Chamberlin likes the old-school, touristy feel of the Weirs, and isn’t interested in any fancy stores or expensive condos.

“Each community on the lake does its own thing,” he said. “Like Meredith does a great job for being sort of a place where there are some of those high-end shops and they cater to that.

“Laconia is the family-friendly community. You have the Funspot. You have the boardwalk. You have the beach. This is where you are coming with the family. You have all the places to stay on the lake. Look across the way. There’s an arcade, mini-golf. That’s what Laconia is.”

Date night

A few rows away, Amber Culwell, 47, and Jeff Salava, 46, were sitting comfortably in the back of a pickup truck. They drove in from Nottingham, an hour’s trip.

“To me, it’s sad,” Culwell said. “I came here with my kids in a stationwagon. I’ll miss it.”

Nearby, Devin Jeannotte and Madeleine Porcella also waited. They came from Northwood.

“I’ve been coming here since I was a kid,” said Jeannotte, 26. “This is her second time. Both times were with me.

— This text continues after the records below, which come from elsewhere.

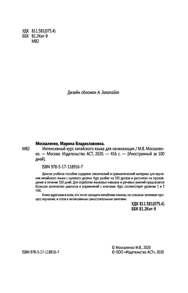 💳 Оплатить за товар можно при получении 🇰🇿 Есть бесплатная доставка по Казахстану от 1 дня 🎁 Копите бонусы с каждой покупки Серия: Иностранный за 100 дней Данное учебное пособие содержит лексический и грамматический материал для изучения китайского языка с нулевого уровня. Курс разбит на 100 уроков и рассчитан на прохождение в течение 100 дней. Для отработки языковых навыков и речевых умений предлагается большое количество диалогов и упражнений с ключами. Курс соответствует уровням 1 и 2 HSK. Книга адресована всем, кто хочет овладеть китайским языком, не слишком затягивая процесс изучения, и готов к интенсивным самостоятельным занятиям. |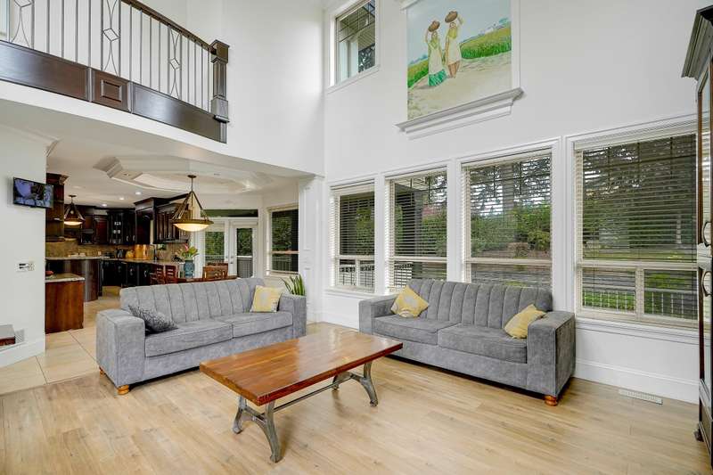 Room to live and grow in Panorama Ridge. At the end of a quiet cul-de-sac, this 7,621 sq.ft. home sits on a 20,037 sq.ft. lot and offers 10 bedrooms and 8 bathrooms, including a 2 bedroom suite. Main floor features a formal living/dining, chef's kitchen w/ gas stove, wok kitchen, nook, family room, plus 2 bedrooms and a full bath. Upstairs you’ll find 5 generous bedrooms with bath access; the primary bedroom has a balcony, 5 pc ensuite and walk-in closet. Entertain on the large main-floor deck. Enjoy the triple car garage plus 7 extra parking spots, great for large families. High ceilings, theatre room with wet bar and a detached shed. Walk to the elementary school; quick access to Hwy 10 & 91. Flowing plan suits multi-generational living.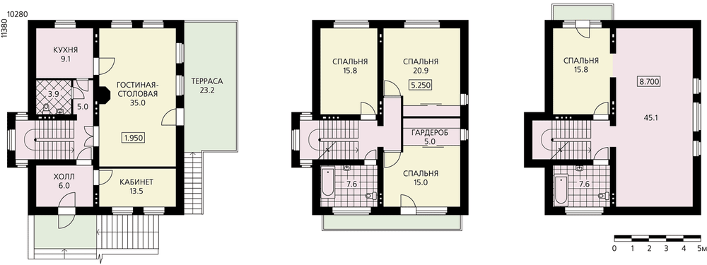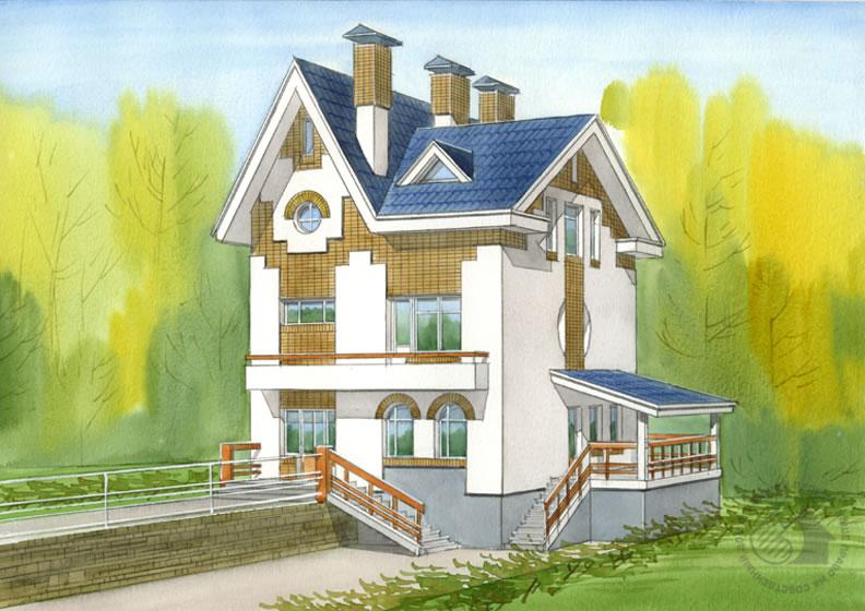Как это ни парадоксально звучит для индивидуального загородного дома, но перед вами высотный дом. Его высота в коньке более 15 м, и в нем насчитывается четыре этажа. Такая высотность дома позволяет при большой площади иметь компактное пятно застройки, а значит, посадить дом на маленький участок. Это очень удобно для заказчиков, располагающих маленьким участком, но мечтающим о большом, комфортабельном особняке. В цокольном, не показанном на планах, этаже дома расположены бассейн, сауна и тренажерный зал, через топочную отсюда можно выйти на улицу. Первый и второй этажи – жилая часть дома, первый этаж – гостевая, второй – спальная. В мансарде находятся еще два светлых помещения. Наличие ванной комнаты позволяет оборудовать здесь дополнительные спальни. Их количество и габариты определят владельцы дома. К достоинствам проекта можно отнести возможность посадки дома на рельеф.

“It’s something different. You get to see two movies and it’s outside.”

Porcella, 24, said she likes the atmosphere.

“It’s nice to be under the stars, watching a movie,” she said.

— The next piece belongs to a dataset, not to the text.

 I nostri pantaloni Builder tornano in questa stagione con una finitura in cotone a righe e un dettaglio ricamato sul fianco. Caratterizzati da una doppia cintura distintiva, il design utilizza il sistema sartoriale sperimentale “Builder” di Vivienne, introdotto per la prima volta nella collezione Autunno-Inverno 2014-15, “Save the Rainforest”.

And, then there’s the romantic aspect.

“You see all these lovey-dovey movies on TV of people in drive-ins sitting in cars,” Jeannotte said. “When you get to come to one, it’s kind of cool.”

Selling the business

Patricia Baldi, 78, is selling the 12-acre property for $2.5 million to Al Mitchell, who owns a one-acre parcel adjacent to the theater and another nine acres on nearby Tower Hill. Baldi said the land is simply worth more than the business and she is ready to retire.

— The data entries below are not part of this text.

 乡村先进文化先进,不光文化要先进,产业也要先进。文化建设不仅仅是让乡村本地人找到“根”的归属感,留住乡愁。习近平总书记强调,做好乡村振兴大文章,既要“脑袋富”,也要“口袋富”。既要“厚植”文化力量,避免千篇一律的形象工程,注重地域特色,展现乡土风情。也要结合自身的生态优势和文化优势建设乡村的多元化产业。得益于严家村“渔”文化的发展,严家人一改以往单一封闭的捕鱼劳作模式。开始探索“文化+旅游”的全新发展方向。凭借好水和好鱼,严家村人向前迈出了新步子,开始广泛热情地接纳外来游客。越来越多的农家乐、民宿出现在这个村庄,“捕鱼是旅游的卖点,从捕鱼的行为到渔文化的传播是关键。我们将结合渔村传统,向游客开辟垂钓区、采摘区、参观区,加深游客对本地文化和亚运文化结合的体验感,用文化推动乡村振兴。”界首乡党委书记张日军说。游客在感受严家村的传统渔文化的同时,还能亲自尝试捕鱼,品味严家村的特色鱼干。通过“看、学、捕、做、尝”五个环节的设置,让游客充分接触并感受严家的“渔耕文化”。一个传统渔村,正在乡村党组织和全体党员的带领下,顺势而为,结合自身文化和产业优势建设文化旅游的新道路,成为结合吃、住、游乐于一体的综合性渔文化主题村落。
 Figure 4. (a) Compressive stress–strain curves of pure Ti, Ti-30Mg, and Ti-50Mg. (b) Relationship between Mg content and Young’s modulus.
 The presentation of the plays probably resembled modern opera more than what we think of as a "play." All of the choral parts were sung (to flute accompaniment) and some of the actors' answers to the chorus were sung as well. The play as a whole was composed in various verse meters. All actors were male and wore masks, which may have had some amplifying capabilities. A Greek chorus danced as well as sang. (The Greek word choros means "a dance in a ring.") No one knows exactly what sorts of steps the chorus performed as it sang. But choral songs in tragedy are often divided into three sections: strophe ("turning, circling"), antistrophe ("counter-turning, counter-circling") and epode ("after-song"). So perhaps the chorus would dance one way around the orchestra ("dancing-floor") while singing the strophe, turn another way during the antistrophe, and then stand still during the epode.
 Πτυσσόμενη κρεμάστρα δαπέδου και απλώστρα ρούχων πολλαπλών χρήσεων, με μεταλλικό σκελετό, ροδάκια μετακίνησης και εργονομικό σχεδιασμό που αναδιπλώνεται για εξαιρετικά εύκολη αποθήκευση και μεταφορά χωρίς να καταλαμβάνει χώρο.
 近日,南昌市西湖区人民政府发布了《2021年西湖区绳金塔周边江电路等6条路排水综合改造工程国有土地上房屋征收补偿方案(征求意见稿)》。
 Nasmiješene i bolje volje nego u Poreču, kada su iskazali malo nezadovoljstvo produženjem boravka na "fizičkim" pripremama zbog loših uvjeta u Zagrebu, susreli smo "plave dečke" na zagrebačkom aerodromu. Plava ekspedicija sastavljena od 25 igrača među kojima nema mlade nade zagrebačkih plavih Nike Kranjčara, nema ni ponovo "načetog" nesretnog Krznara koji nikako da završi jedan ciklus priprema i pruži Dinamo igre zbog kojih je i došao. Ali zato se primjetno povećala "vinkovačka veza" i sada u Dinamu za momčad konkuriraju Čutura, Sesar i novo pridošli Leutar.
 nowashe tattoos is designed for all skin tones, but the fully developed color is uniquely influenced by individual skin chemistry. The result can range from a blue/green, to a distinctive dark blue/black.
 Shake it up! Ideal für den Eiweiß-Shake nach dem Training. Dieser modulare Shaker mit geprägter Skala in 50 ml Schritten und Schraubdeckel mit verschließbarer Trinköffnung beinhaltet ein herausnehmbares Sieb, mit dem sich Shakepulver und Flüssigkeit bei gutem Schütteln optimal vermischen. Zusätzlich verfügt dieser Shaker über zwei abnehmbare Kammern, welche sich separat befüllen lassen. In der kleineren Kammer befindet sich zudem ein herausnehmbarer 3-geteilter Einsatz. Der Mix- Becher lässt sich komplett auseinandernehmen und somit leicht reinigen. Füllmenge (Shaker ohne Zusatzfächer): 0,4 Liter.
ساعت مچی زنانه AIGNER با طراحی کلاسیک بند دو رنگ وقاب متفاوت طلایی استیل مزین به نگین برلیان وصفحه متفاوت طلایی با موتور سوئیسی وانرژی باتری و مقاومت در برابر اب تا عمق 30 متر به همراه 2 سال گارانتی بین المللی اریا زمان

Mitchell said his properties should complement each other and allow for as many as 80 condominium units, an event center, a hotel and other businesses.

His hope is to create the kind of attractive and successful commercial and tourism community that has taken shape in Meredith, which went through an economic renaissance in the 1980s.

Mitchell had obtained first right of refusal on purchase of the drive-in property, which has been on the market for about a year. When another buyer came forward, Mitchell matched the offer, which included a provision that theater-related equipment is not part of the deal.

Baldi’s son, Larry, will take that equipment and intends to open another drive-in theater elsewhere.

If he is able to make a go of it, he will be bucking a long trend.

Drive-in decline

The number of drive-in theaters nationwide has declined from 4,063 in 1958 to 324 currently, said Patrick Corcoran, spokesman for the National Association of Theatre Owners.

Most drive-ins were built from 1950 to 1970 on large plots of land that became more valuable as cities grew up around them. Many of these theaters were sold and the land was put to use for other purposes, such as housing and retail stores.

Also, audience preferences changed and more people stayed home and watched television instead of going to the movies. Movie distributors prohibited first-run movies from playing at drive-ins for a time in the 1970s. In many parts of the country, cold weather ensures drive-in theaters have only a short season. The Weirs Drive-In operates three months a year.

Projection booth

Kevin Baldi, 35, grandson of Patricia Baldi, was the projectionist that night. He said he has worked at the drive-in since he was eight. He plans to leave town after the theater closes.

“Basically, I’m picking up and leaving Laconia,” he said. “This is the only thing keeping our family here. We’re all in the middle of transition.”

He said he is saddened by the demise of the drive-in and feels that when the business closes, “this will be the last nail in the coffin for Weirs Beach.”

“Weirs Beach is a tourist community,” he said. “And this is the last big attraction out here. After this, it’s just going to be million-dollar condos and people that are here for a week.”

“It’s kind of sad. It’s the end of an era.”